▶ PROMPT: Using the data below, transcribe exactly everything from the line that contains "Na glavnom trgu" down to the line that contains "Im Internet gibt". Include both of those lines and none of the pictures.

▶ EXTRACTED RECORDS:

━━━

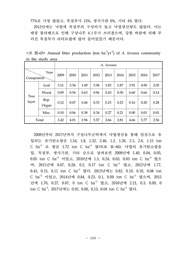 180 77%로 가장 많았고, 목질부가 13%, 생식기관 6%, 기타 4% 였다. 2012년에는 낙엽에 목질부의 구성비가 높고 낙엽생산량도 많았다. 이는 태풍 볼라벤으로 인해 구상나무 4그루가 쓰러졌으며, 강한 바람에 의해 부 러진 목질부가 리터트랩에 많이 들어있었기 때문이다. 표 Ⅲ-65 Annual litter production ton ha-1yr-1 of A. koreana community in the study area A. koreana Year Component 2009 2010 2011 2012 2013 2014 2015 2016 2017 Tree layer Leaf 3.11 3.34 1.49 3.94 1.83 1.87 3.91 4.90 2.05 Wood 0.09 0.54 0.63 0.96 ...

━━━

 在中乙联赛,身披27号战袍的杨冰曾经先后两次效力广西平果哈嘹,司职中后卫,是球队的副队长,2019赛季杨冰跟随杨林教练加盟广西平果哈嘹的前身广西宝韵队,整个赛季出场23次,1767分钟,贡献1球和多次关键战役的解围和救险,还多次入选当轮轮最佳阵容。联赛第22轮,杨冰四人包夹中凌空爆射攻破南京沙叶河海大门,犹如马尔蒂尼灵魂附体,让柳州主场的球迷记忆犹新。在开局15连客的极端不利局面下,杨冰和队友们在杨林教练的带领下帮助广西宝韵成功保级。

━━━

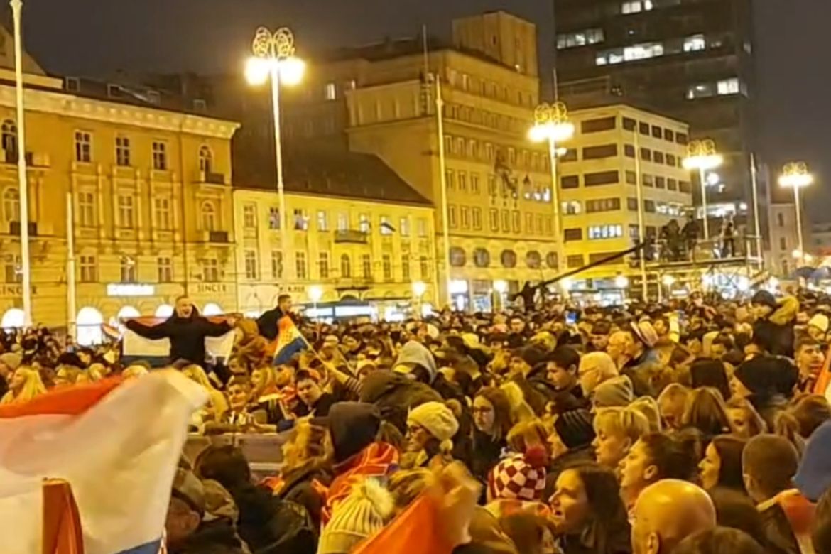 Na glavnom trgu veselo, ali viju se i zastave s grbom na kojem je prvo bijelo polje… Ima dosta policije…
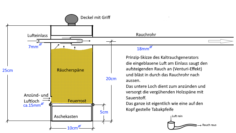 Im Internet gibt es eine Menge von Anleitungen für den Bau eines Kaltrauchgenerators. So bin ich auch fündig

━━━

▶ THE COMPLETED TASK:
 Na glavnom trgu veselo, ali viju se i zastave s grbom na kojem je prvo bijelo polje… Ima dosta policije…
 Im Internet gibt es eine Menge von Anleitungen für den Bau eines Kaltrauchgenerators. So bin ich auch fündig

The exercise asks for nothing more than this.